# First Official Sale!



## Jon Sprunk

Just been informed SHADOW'S SON had its first official sale today in a bookstore in Los Angeles. Thank you, dear reader, whomever you are.

The 'official' release date isn't until June 1st, but I guess some bookseller couldn't wait.


----------



## Teresa Edgerton

Congratulations, Jon!

Often the Release Date and the day a book is actually _released_, are not the same.  May you see many sales between now and June 1 -- and afterward, of course.


----------



## Ursa major

Congratulations!



It must be a great feeling!


----------



## j d worthington

Indeed, Jon, congratulations and all the best!


----------



## BookStop

Very cool, jon! i was waiting for this to come out - i've just got a copy off amazon


----------



## chopper

congratulations!


----------



## Ian Whates

Well done, Jon!


----------



## Susan Boulton

Congrats and well done!!! 1st of many I hope!!


----------



## Boneman

That must be the best feeling in the world - many congratulations!


----------



## Stephen Palmer

Top news!


----------



## Jon Sprunk

Thank you all. This past year, as I've waited for the book to be produced and distributed, has been like a long car ride. Now it feels like I've finally arrived.

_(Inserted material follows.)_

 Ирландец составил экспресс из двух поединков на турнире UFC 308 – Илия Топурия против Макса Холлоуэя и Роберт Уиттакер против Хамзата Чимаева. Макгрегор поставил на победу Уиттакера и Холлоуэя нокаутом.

For those who try the book, I hope you'll share with me how you liked it (or didn't). There is an email link on my website.


----------



## HareBrain

Well done, Jon. Must be an exciting time.



Jon Sprunk said:


> This past year, as I've waited for the book to be produced and distributed, has been like a long car ride.


 
I'm not even near that stage, and I've already had years of family asking "Are we nearly there yet?"


----------



## Ursa major

Jon Sprunk said:


> This past year [...] has been like a long car ride. Now it feels like I've finally arrived.


 


HareBrain said:


> "Are we nearly there yet?"


 
Just goes to show that at least some authors are driven to get published. 

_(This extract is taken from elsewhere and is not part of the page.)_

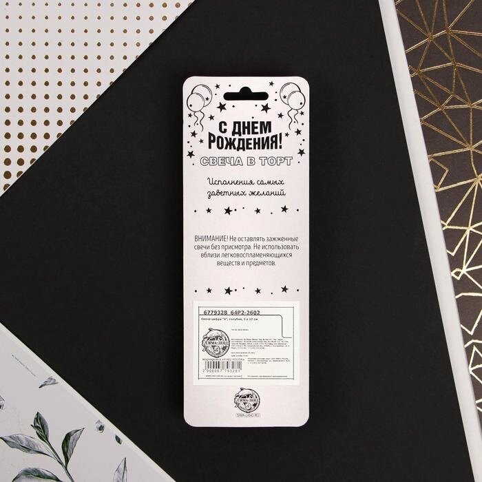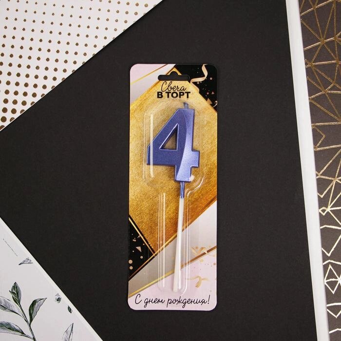 Свеча цифра "4", голубая, 5 х 12 см

Anyways, something I forgot to say in my original post: I hope the book sells well.


----------



## Stephen Palmer

Ursa major said:


> Just goes to show that at least some authors are driven to get published.


 
Getting novels published is _far_ more difficult than writing them.


----------



## Rosemary

Well done, Jon!  A great achievement


----------



## Jon Sprunk

Thanks for the support, everyone. It's still hard to believe that my book is being sold in actual stores.


----------



## Jon Sprunk

Quick news flash: the trilogy just sold to Polish publisher Papierowy Ksiezyc (say that 10 times fast). Today has been a very good day.


----------



## Ursa major

Excellent news! 

* Sends more Congratulations. *


They must recognise polished writing when they see it.


----------



## Aoratos

Congratulations mate!


----------



## Gary Compton

Do you know where your Mother was when your first sale was made

Bless her cotton socks, many congrats for a job well done!!


----------



## Moggle

It doesn't count when the author purchases his own book


----------



## j d worthington

Further good news, yet... and already! Again, congratulations... and by all means, keep us posted of any further news....


----------



## Jon Sprunk

Small update. The book is now available on Kindle (woot), and we got a nice mention on Charlaine Harris's blog.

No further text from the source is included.